I’m not sure why this is. It may be because we jumped off the fertility treatment merry-go-round the minute it looked like things were getting tough. It may be because I got pregnant pretty easily, and didn’t “feel” infertile, even though I couldn’t sustain the pregnancy. It may be because you can’t swing a used pregnancy test stick in this town without hitting someone experiencing one type of fertility issue or another–mid-life’s grand infertility pageant, right here. It may be because so many of our friends who did get pregnant suffered so many frightening complications, that just as they were eyeing the expense and hassle of our adoption preparations and thinking, “Wow, I’m glad this last IVF worked or we’d be in their shoes,” we were looking on in horror at their bed rest orders and hospitalizations and NICU stays and telling each other,”Wow, I’m really glad we’re adopting!”

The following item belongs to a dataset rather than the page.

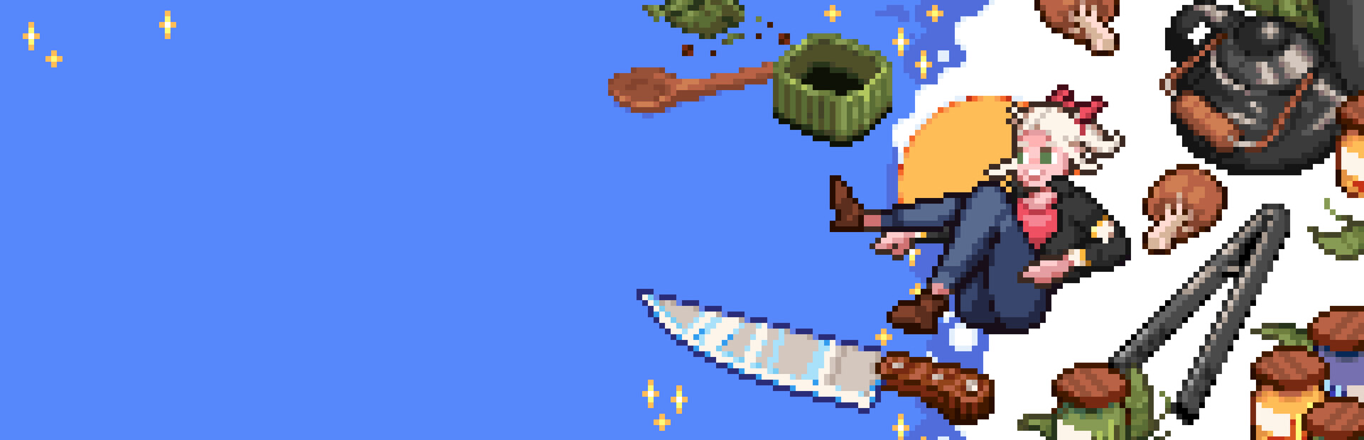 A magical pixel art platformer. Explore an unfamiliar town and deliver tasty treats to the townsfolk. Cook magical delicacies from your bought and gathered ingredients. Learn new ways to traverse, discover secrets, and figure out the intricacies of your orders.

As I read the new comments on getupgrrl’s follow-up, though, especially Tira’s post about needing to be there for your friends, I remembered a baptism party about two years ago where I felt like the bad fairy at Aurora’s christening. It wasn’t that I was upset about my friend’s successful pregnancy, but I felt that my own bad luck and unhappiness was almost palpable, poisoning the goodwill of the assembly and cursing the baby in question to a Sleeping Beauty fate. “You will prick your finger on a spindle and suffer unexplained recurrent miscarriage until you suddenly wake up and discover you are almost too old to adopt!” It was not a pretty feeling.

It’s wonderful when you can really, fully celebrate with an expectant mother, and the shower host facilitates that by providing delicious food and lots of alcohol and does not insist on making a hat out of the bows and a paper plate. Congratulations to our friends who are awaiting the birth of their child. The dogs can’t wait to have another playmate.